Frequencies of LINE families and nucleotide composition analysis of redundant AG (r-AG) motif sequences in paired L1s
The features of LINEs, such as families, subfamilies, and length, were based on RepeatMasker annotations. To investigate the sequence homology (percentage identities and gaps) between the paired L1s, we aligned the paired L1s using the Basic Local Alignment Search Tool (BLAST) provided by NCBI. For nucleotide composition analyses, the r-AG motif sequences of paired L1s were aligned in the order of nucleotide positions using DNAMotifFinder, and then the base compositions of the r-AG motifs were manually compared.
Characterization of triplex formation by CD spectra and QCM analysis
For CD measurements, dsDNA and RNA oligomers (synthesized by GeneDesign) were separately dissolved in triplex-forming buffer (TFB, 10 mM Tris pH 7.5, 25 mM NaCl, and 10 mM MgCl2) at 2.2 μM for controls, and at 2.2 μM each for 1:1 mixed samples and equilibrated for 1 h at 30 °C, following the method of Mondal et al. . CD spectra were recorded on a Jasco J-820 spectropolarimeter using a 1-mm cuvette containing 200 μL of solution incubated at 25 °C at a scan rate of 50 nm/min, and averaged over an accumulation of four spectra. The ellipticity was converted to the mean residue molar ellipticity based on the concentration of nucleotides in the sample. For QCM analysis, biotinylated dsDNA and RNA oligomers (GeneDesign) were dissolved in TFB at 50 μM and 0.2–1.0 mM, respectively. QCM measurements were performed with an AFFINIX QNμ (ULVAC, Inc., Japan). A gold-coated 27-MHz QCM plate mounted in a 500 μL-cell was washed twice by immersion in a 3:1 mixture of concentrated sulfuric acid (98%) and hydrogen peroxide solution (30%) for 5 min, followed by treatment with 100 μg/mL NeutrAvidin (Thermo Scientific) for 1 h at room temperature. Then, biotinylated dsDNAs were immobilized onto the QCM plate, followed by RNA injection. The frequency changes in response to dsDNA–RNA hybridization were monitored at 25 °C, and a kinetic parameter, dissociation constant (Kd), was calculated using AQUA computer software. As a control, RNAs were added in TFB solution without immobilized dsDNA. We repeated the measurement procedure twice or three times for each sample and used the representative value.
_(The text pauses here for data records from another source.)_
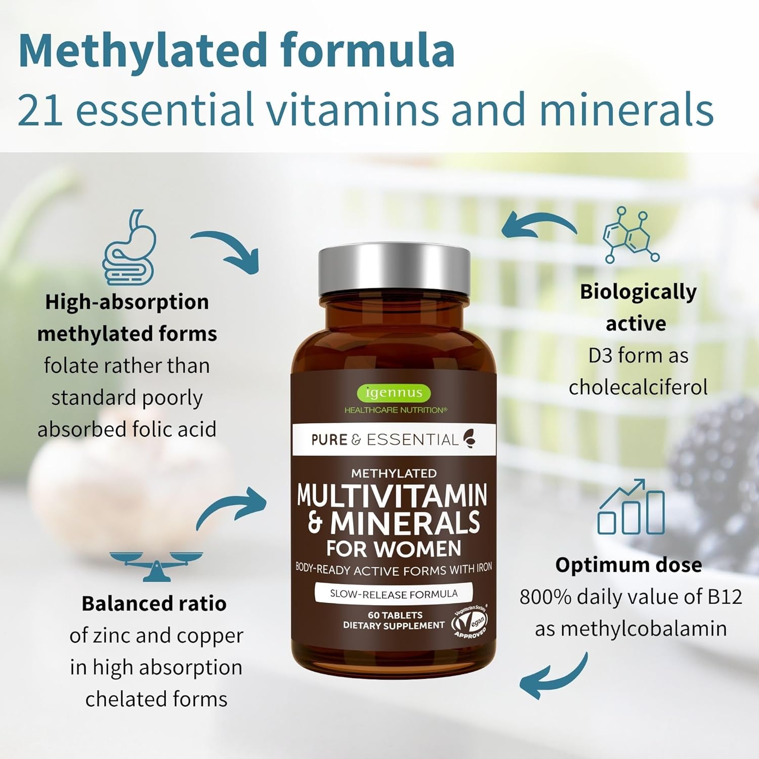 METHYLATED & ACTIVE FORMS each nutrient form has been carefully selected to optimize the journey from supplement to cell. Includes methylated B-vitamins, chelated minerals, gentle iron and zinc (new label, same advanced formula, you may receive either label)*
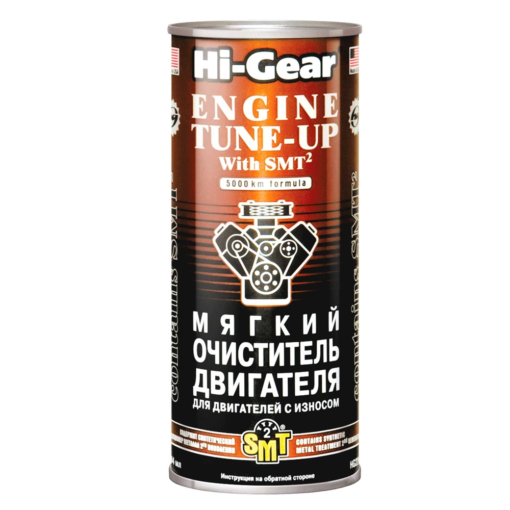 Мягкий очиститель двигателя со средним и сильным износом, с SMT2 Hi-Gear ENGINE TUNE UP with SMT2 Содержит синтетический кондиционер металла второго поколения SMT2, который обеспечивает оптимальные условия эффективной очистки, создает на трущихся поверхностях защитный микрослой, препятствующий образованию лаковых пленок, углеродистых отложений и нагара.
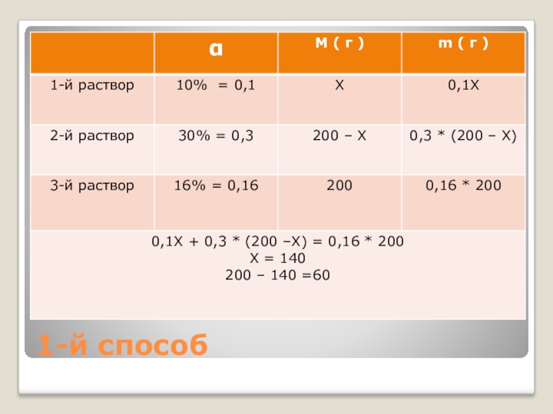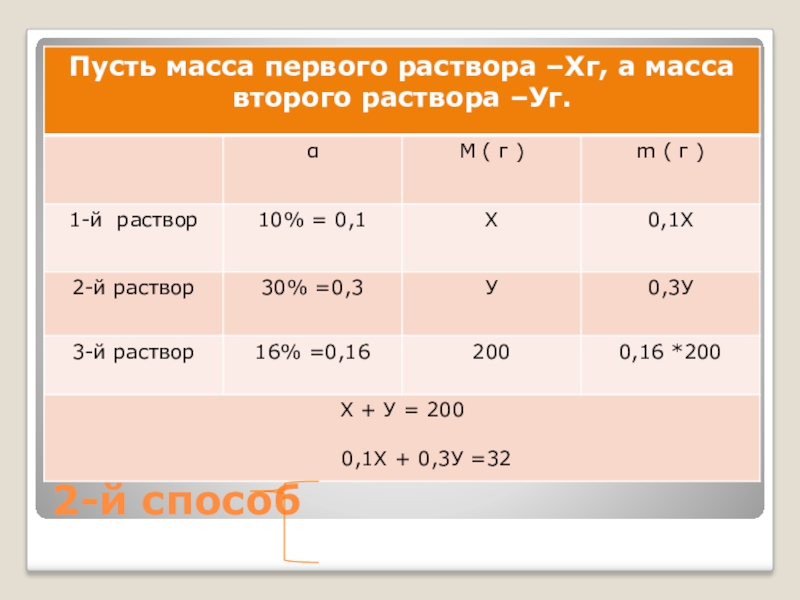 В правой – разности процентных содержаний имеющихся растворов и полученной смеси
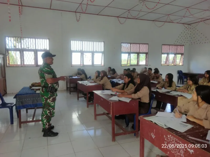 Kamis22 Mei 2025 — Dalam upaya memperkuat semangat nasionalisme dan membentengi generasi muda dari bahaya narkoba, Bintara Pembina Desa (Babinsa) Koramil 14/Raya Kodim 0207/Simalungun, Serka Alex Harahap, melaksanakan kegiatan sosialisasi Wawasan Kebangsaan kepada para siswa-siswi SMK Negeri 1 Raya.

Theory and computational detail for MC simulation
To investigate how many binding sites cooperatively suppress the dissociation of RNA from DNA, we introduced a simple kinetic model. The model consists of N binding sites of RNA and the site i (1 ≤ i ≤ N) have a binding state (Bi) and dissociation state (Di). The rate constants of the transfer from Di to Bi and of the transfer from Bi to Di are denoted as kon and koff, respectively. As suggested in the experimental section of this paper and experiments of the bispecific antibody , when one site (j) binds to its target, the binding of another site (i) should be accelerated. This is mainly because the search space of site i is drastically decreased by the presence of linkers, which connect sites i and j, and thus site j plays a role of anchor. To represent this effect, we assume that the rate constant of the transfer from Di to Bi becomes Akon, when some sites are in the binding state. Here, A is the acceleration rate and is usually larger than the unity. Although the three-dimensional conformations affect the acceleration rate largely, it is very difficult to include this effect in the acceleration rate, which is beyond the purpose of this paper. Therefore, we consider A constant by ignoring the dependence of A on the detailed conformation. The dissociation of the RNA from DNA is defined as the state where all the binding states are in the dissociation state. When A = 1, the system loses the linker effect.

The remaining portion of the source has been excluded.